I don't think anyone should smack their children for wetting the bed, most of the time they can't help it.
My mum used to smack me, and I think that for doing something wrong then its alright to give a little tap but nothing that would hurt them!But not over something they can't help like wetting the bed.
Originally posted by flabby babby: i do believe that a smack for doing something wrong is ok plus when you look at children who have never had a smack you can tell the difference ,but i would not smack for wetting the bed or pants,when mine were small i used to remind them every so often as when they are playing or shopping they forget,and when i went to bed i used to lift them out to the toilet and they automatically wee without even waking up ,i never ever had a wet bed with all my children
Yes indeed you can tell the difference between smacked and unsmacked kids.
Unsmacked children don't think the solution to problems is raising your hand.
Originally posted by Secret Squirrel: Message to all the parents out there... If your stupid kids make a lot of noise, dont just say 'shoosh'; introduce them to mr foot!

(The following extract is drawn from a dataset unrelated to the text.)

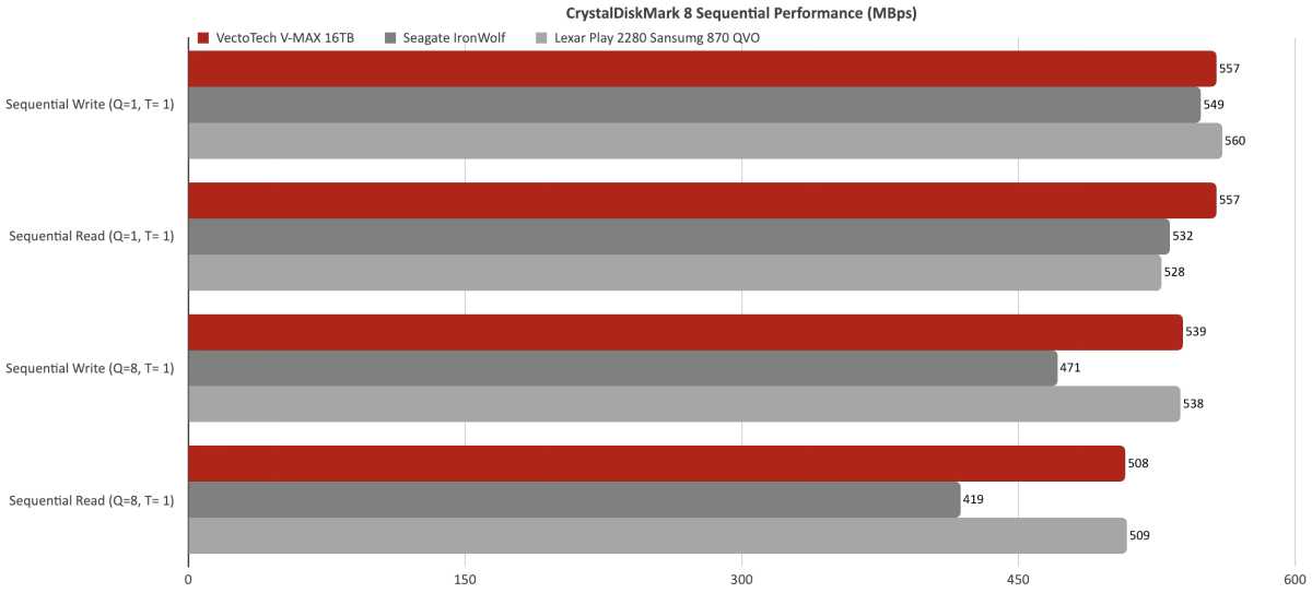 I retested two older SATA SSDs (Seagate’s IronWolf and Samsung’s 870 QVO) on our new testbed to check them to the V-MAX. Given the SATA efficiency ceiling, there’s not an entire lot of distinction however you’ll positively need to keep away from the Samsung 870 QVO (should you may even discover it) for giant writes.

Originally posted by flabby babby: what ive seen of unsmacked children is they are usually uncontrollable brats
I agree...My children are are lovely, well behaved individuals who have been smacked when needed in the past and I have to say that I can't remember the last time because they have learned that naughty is not acceptable. BUT a level of understanding is also needed, I would NEVER smack them for an accident or something that they couldn't help.Talking to children and trying to learn why they do things is really, really important to both parent and child. Act out of love not in anger.
I think smacking does have a place but it's a tough argument as responsible parents who smack will only "smack" not "hit". Parents who are not responsible and who couldn't really give a damn, will "hit" and harder than they should. No law will ever prevent his from happening, it will only stop responsible parents gaining control over their offspring.
I smacked my children if they did something deliberately naughty, NEVER for bed-wetting or similar. But I can probably count on one hand the times I had to smack either of my kids, my son (now 16) is a super lad, never gave me any bother and probably only ever received two or three smacks in his life. Daughter on the other hand, much naughtier, had a few more but never hard. She too has turned out lovely and it has not done either of them any harm what so ever.
A friend of mine has a young son, he has never received more than a soft tap on the back of his hand and a gentle "don't do that darling" as his mum does not agree with smacking, he is the worst behaved kid you'd ever wish to meet, he should have been smacked a couple of times to assert authority as now, his mother has no control what so ever! It will only get worse for her as he grows older.
what do you do about a 45 yr old child, my partner is the biggest kid of all but a bit too big to smack. (I would like to really land one on him though!!!) Trouble with smacking is that you can't teach children NOT to hit by hitting them. What's the difference between hitting and smacking anyway?
I have never even told my children off for wetting the bed etc and all three have been clean day and night by the age of three and hardly ever wet the bed. They can't help it so why smack them?
Originally posted by Clareycluck: what do you do about a 45 yr old child, my partner is the biggest kid of all but a bit too big to smack. (I would like to really land one on him though!!!) Trouble with smacking is that you can't teach children NOT to hit by hitting them. What's the difference between hitting and smacking anyway?
LOL hey ive got the same problem. 3 kids, aged 2, 4 and 36!!! Hang in there, and keep smiling
"of all the things i've lost, I miss my mind the most"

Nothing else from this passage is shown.